The taxpayer appealed the Tax Court’s decision to the Fifth Circuit, which overturned the Tax Court’s decision and held that a “limited partner” is a limited partner in a state-law limited partnership that has limited liability. The court found that the ordinary meaning of “limited partner” when the statute was enacted in 1977 referred to liability status, as supported by contemporaneous dictionary definitions and interpretations of both the IRS and the Social Security Administration. The court concluded that the “passive investor” rule championed by the IRS was not only inconsistent with the statutory text but would also introduce uncertainty and complexity and “a great deal of litigation.”

KPMG observation

  • The Fifth Circuit majority opinion addressed several counter-arguments offered by the Tax Court, the IRS and the dissent and found that each failed. 

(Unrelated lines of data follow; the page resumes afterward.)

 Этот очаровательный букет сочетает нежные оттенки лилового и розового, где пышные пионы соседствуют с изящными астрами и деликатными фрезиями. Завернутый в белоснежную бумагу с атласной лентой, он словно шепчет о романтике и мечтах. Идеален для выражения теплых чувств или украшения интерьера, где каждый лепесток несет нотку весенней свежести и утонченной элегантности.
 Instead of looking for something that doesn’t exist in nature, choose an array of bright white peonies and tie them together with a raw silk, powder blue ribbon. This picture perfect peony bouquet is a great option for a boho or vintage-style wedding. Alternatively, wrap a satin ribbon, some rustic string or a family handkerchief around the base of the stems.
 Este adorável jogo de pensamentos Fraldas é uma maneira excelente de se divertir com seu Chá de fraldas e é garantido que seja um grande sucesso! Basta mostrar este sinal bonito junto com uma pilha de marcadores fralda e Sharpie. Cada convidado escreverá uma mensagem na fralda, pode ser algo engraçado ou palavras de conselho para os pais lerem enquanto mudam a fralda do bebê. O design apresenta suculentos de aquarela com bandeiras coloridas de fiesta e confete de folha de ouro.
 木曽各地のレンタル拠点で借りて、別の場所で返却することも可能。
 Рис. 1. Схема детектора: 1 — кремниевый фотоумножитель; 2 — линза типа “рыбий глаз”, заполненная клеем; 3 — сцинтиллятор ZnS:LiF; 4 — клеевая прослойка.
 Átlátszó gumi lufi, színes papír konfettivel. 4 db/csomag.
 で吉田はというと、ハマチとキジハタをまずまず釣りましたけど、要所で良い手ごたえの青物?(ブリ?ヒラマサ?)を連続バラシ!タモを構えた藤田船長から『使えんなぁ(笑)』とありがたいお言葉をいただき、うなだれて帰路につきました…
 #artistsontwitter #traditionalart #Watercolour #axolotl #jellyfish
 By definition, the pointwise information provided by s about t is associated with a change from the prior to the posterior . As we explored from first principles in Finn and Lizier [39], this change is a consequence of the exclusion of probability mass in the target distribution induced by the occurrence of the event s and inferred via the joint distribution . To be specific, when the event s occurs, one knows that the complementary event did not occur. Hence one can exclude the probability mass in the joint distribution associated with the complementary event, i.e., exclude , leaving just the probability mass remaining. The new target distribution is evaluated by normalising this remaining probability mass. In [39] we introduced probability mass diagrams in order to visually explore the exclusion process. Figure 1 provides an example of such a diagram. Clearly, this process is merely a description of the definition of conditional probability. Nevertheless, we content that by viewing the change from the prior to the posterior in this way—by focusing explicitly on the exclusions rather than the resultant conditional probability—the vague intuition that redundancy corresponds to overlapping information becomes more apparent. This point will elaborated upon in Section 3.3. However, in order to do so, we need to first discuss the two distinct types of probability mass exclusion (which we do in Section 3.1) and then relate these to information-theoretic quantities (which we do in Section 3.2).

  • The Fifth Circuit noted with interest that the IRS did not even raise the Tax Court’s argument regarding a “limited partner, as such” and acknowledged the existence of dual-status arrangements in noting: “People – including limited partners – can have multiple functions or capacities.”
  • Although the decision of the Fifth Circuit will be well received by taxpayers and practitioners, it is limited to limited partners in state-law limited partnerships and does not specifically apply to members of a limited liability company classified as a partnership for federal tax purposes.